ハイスクール・カンパニー


伊都は、退屈はしていなかった。


こういうのは、タレントさんとかモデルさんとかちゃんと訓練を受けた人がやるものじゃないかなと伊都は思う。

なるべく、はっきりと言ったつもりだけど、台詞がちゃんと聞こえているか心配だった。


伊都は、自分が冗談を言ったことに、理貴が気付いてくれたかなと思って口にした。


「ここは、笑うところですよ」



画面の伊都が台詞をいう前に、
本物の伊都が先に台詞を言った。


伊都は理貴のすぐ横に立って見ていた。


「ええっ?」


人がいるとは思わなかった。
理貴は不意をつかれて、声の主の方を振り返った。



伊都が自分に話しかけてるのに、
それに答えることができない。



言葉が出てこなかった。

ただ、懐かしい感じがした。祖父母と過ごしてた頃の貴重な思い出のような、とても心地よい。
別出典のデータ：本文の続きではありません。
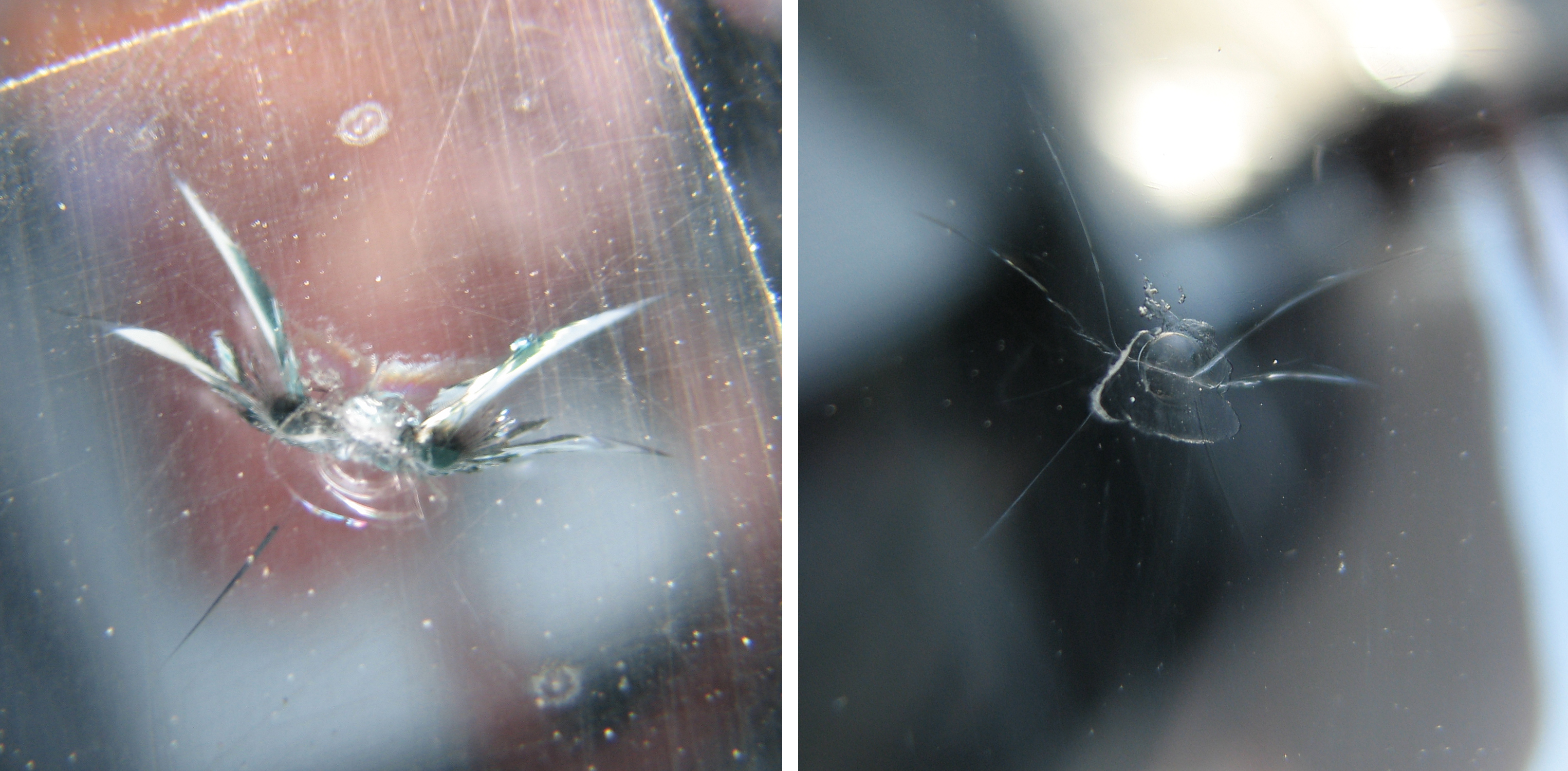 Воспользовался рекомендациями в этой теме и сегодня тоже посетил озвученный сервис. Было два скола свежих (в Черкассы в субботу съездил, ага ), первый размером с 10 копеек вместе с лучами, второй чуть меньше. Работа заняла чуть больше часа, после ремонта глазом почти незаметно, лучики выглядят как просто легкие царапинки на стекле, то только фотик на макро всю подноготную показывает. По большему сколу мастер предупредил, что при установке присоски стекло может хруснуть дальше по лучам, не смотря на всю аккуратность работы, потому делаем на мой страх и риск (или не делаем), но мне повезло, сказал, что после ремонта дальше трещины не пойдут. За все заплатил 500 грн. Заезд на место через конечно, с перекрестка Ревуцкого и Здолбуновской через весь гаражный комплекс. Фото первого скола до-после:
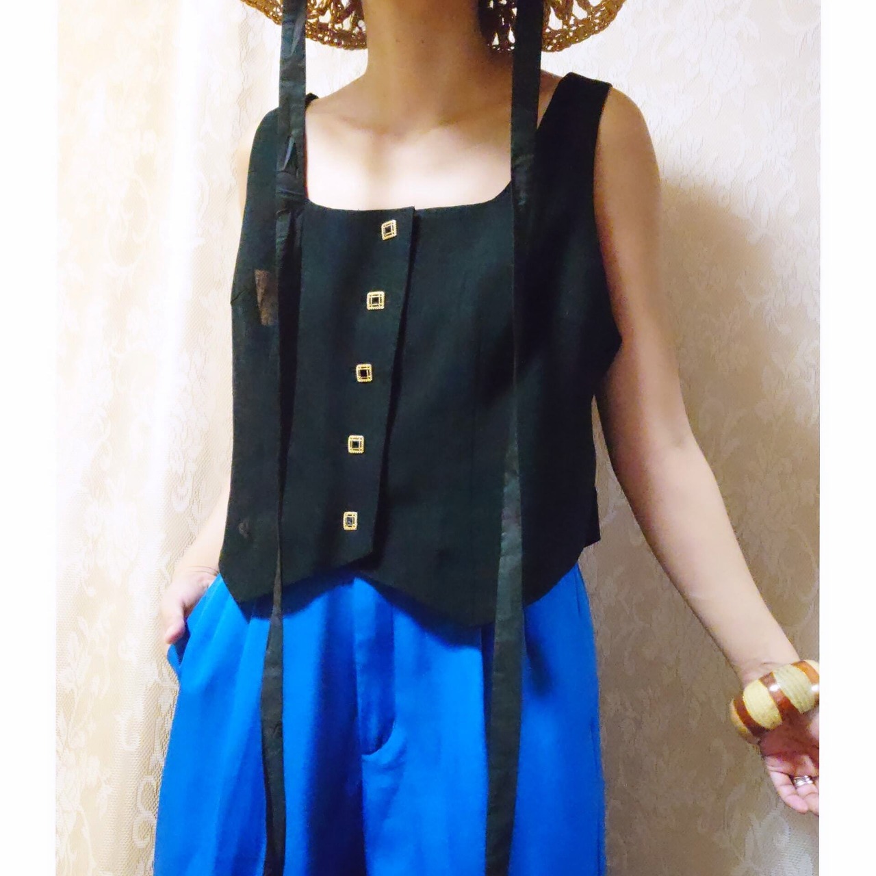 デザインがとてもおしゃれな、ヴィンテージのリネンベストです。

理貴は、口を開きかけたまま、伊都の顔を見つめている。

どうして、撮り直した映像なんか、何度も見ようと思ったのか?

何度見ても、またすぐに見たくなるのか。



伊都が変に思うとわかってても、

自分の衝動を、止めることがなできなかった。

伊都の中に祖母の面影を見つけたのだろうか?

早くに亡くなってしまって、今でも一番に会いたいと思う人に。